- What the exercise asks
Copy the data exactly from the line that contains "A504092 - Bộ" through the line that contains "Product Name: *vedika", keeping both end lines and leaving out everything else.

- Materials provided
——

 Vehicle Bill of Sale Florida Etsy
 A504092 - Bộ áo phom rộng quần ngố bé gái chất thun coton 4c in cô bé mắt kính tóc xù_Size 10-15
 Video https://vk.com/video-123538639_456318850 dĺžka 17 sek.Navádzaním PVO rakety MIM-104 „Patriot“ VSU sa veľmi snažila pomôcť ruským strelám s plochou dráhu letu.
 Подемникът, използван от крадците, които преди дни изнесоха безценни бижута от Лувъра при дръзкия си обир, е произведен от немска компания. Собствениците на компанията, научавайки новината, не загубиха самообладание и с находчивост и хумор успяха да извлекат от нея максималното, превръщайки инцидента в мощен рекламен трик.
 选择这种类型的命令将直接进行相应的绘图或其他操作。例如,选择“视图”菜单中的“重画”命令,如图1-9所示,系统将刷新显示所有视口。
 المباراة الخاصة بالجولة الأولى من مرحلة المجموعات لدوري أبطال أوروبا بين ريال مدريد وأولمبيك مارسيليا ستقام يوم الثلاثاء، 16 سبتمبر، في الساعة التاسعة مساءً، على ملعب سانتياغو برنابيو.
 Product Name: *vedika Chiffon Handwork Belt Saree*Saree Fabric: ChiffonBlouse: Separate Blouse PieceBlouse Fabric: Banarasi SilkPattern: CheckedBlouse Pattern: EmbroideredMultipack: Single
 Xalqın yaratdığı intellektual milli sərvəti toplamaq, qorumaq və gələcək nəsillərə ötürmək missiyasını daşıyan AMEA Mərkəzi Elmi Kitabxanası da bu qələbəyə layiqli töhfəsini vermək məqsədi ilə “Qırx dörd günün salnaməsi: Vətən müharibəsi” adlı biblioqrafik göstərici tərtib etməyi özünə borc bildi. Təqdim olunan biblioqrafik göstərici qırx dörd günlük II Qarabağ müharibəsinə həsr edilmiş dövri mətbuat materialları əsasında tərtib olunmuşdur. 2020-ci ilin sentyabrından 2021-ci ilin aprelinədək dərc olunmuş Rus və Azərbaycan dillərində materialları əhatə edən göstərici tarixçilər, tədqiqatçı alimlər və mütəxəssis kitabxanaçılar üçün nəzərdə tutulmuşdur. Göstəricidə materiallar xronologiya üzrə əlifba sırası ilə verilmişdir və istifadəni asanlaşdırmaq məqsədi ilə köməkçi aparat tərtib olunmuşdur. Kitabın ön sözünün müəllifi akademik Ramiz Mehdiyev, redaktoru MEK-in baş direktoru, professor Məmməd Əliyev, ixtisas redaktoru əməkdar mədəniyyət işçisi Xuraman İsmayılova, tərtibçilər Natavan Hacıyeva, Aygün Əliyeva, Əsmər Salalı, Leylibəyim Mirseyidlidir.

——

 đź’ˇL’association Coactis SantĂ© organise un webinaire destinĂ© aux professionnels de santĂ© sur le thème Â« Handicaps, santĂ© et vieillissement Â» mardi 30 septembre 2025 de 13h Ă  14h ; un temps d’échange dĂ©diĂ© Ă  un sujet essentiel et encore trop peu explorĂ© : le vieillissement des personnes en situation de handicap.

——

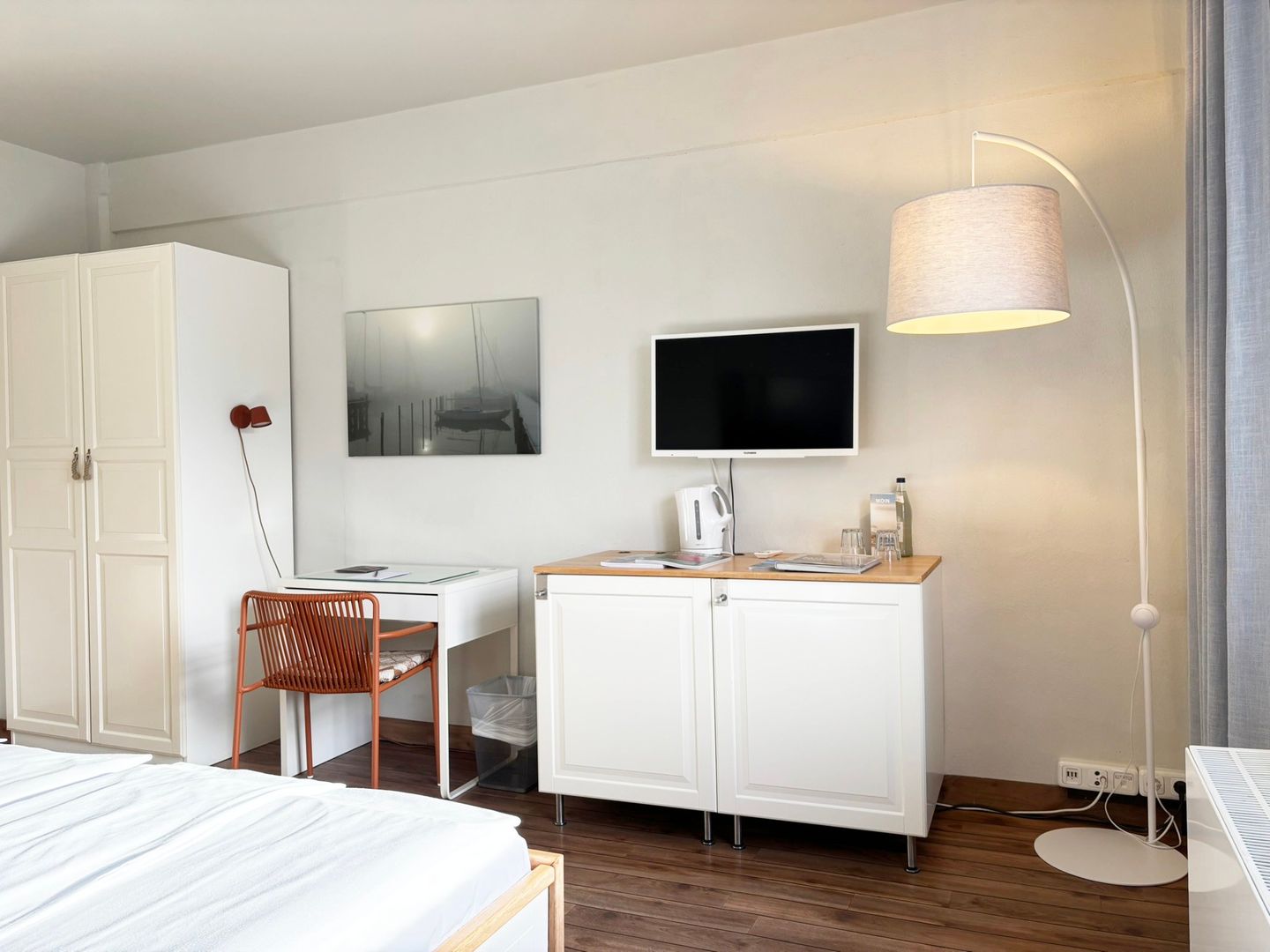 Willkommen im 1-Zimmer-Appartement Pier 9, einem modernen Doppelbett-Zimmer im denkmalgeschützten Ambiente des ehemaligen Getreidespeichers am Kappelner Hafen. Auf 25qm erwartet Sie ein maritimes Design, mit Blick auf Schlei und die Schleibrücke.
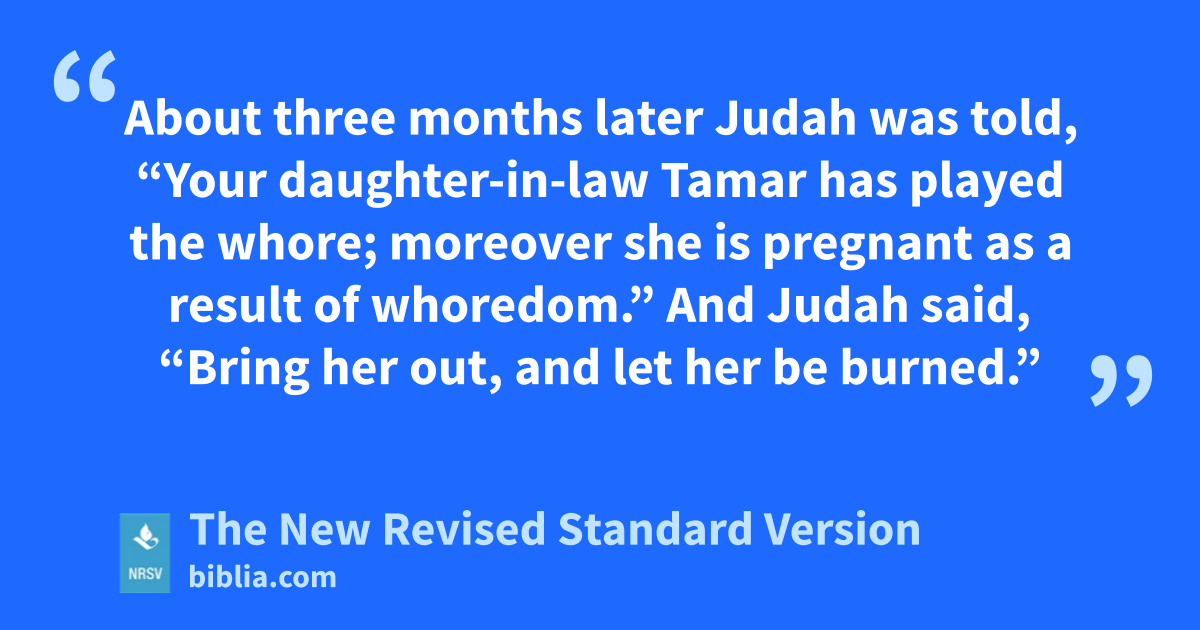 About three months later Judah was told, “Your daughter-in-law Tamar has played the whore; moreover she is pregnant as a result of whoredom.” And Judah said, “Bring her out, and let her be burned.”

——

- Answer area
 A504092 - Bộ áo phom rộng quần ngố bé gái chất thun coton 4c in cô bé mắt kính tóc xù_Size 10-15
 Video https://vk.com/video-123538639_456318850 dĺžka 17 sek.Navádzaním PVO rakety MIM-104 „Patriot“ VSU sa veľmi snažila pomôcť ruským strelám s plochou dráhu letu.
 Подемникът, използван от крадците, които преди дни изнесоха безценни бижута от Лувъра при дръзкия си обир, е произведен от немска компания. Собствениците на компанията, научавайки новината, не загубиха самообладание и с находчивост и хумор успяха да извлекат от нея максималното, превръщайки инцидента в мощен рекламен трик.
 选择这种类型的命令将直接进行相应的绘图或其他操作。例如,选择“视图”菜单中的“重画”命令,如图1-9所示,系统将刷新显示所有视口。
 المباراة الخاصة بالجولة الأولى من مرحلة المجموعات لدوري أبطال أوروبا بين ريال مدريد وأولمبيك مارسيليا ستقام يوم الثلاثاء، 16 سبتمبر، في الساعة التاسعة مساءً، على ملعب سانتياغو برنابيو.
 Product Name: *vedika Chiffon Handwork Belt Saree*Saree Fabric: ChiffonBlouse: Separate Blouse PieceBlouse Fabric: Banarasi SilkPattern: CheckedBlouse Pattern: EmbroideredMultipack: Single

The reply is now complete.